Preheat the oven to 200⁰C.
While the duck is cooking, cut the peeled and seeded pumpkin into 1.5” chunks and scatter in one layer onto an oven dish. Mix all of the other ingredients and a good amount of seasoning in a bowl, then pour over the pumpkin and toss until each piece is well coated. Roast in the oven for about 45 minutes, or until lightly caramelised on the outside with a soft core, turning every so often.
For the crispy seeds, duck crackling and chestnuts, pour a couple of tablespoons of olive oil into a frying pan and heat to medium-high. Fry the skin, chestnut slices and seeds with the herbs, spices and seasoning for a few minutes, or until crispy and golden brown. Transfer to a plate lined with kitchen paper and drain well.
When the pumpkin is cooked, transfer to a food processor and blitz really well. Slowly add the strained duck stock to the puree, continuing to mix until a smooth soup consistency is achieved. Taste and adjust the seasoning if necessary. Pour back into a saucepan and bring to just below the boil.
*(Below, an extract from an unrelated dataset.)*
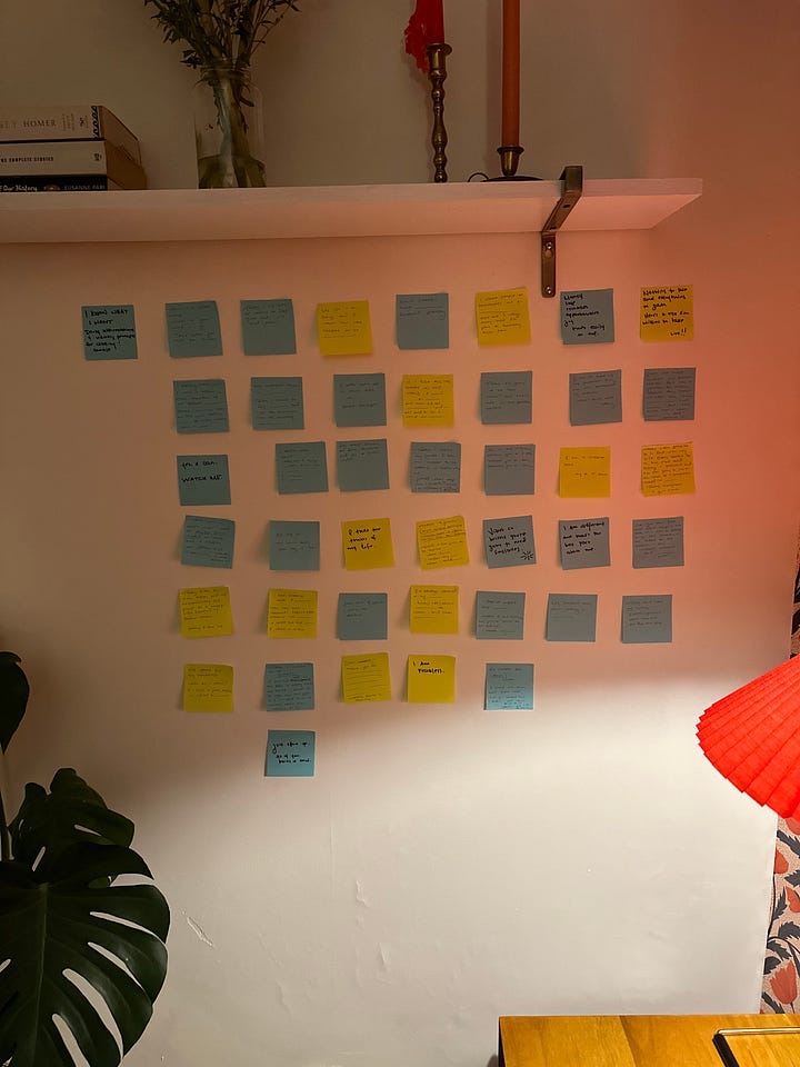In the weeks that followed, I transcribed the scribbles into more legible notes on post-its and pinned them to my wall. I edited them, added to them, removed some that didn’t quite fit the theme that was evolving in front of my eyes.

While the soup is heating up, pour a little olive oil into a small frying pan. When at a medium-high heat, fry the girolle mushrooms for a couple of minutes or until caramelised on the outside and cooked through.
To serve, place bits of the braised duck leg into each bowl and cover with the hot soup. Scatter over the crispy duck crackling, seeds and chestnut along with the pieces of taleggio, cooked girolles and fresh oregano leaves. Grate over a little of the lemon zest and finish with a drizzle of extra virgin olive oil.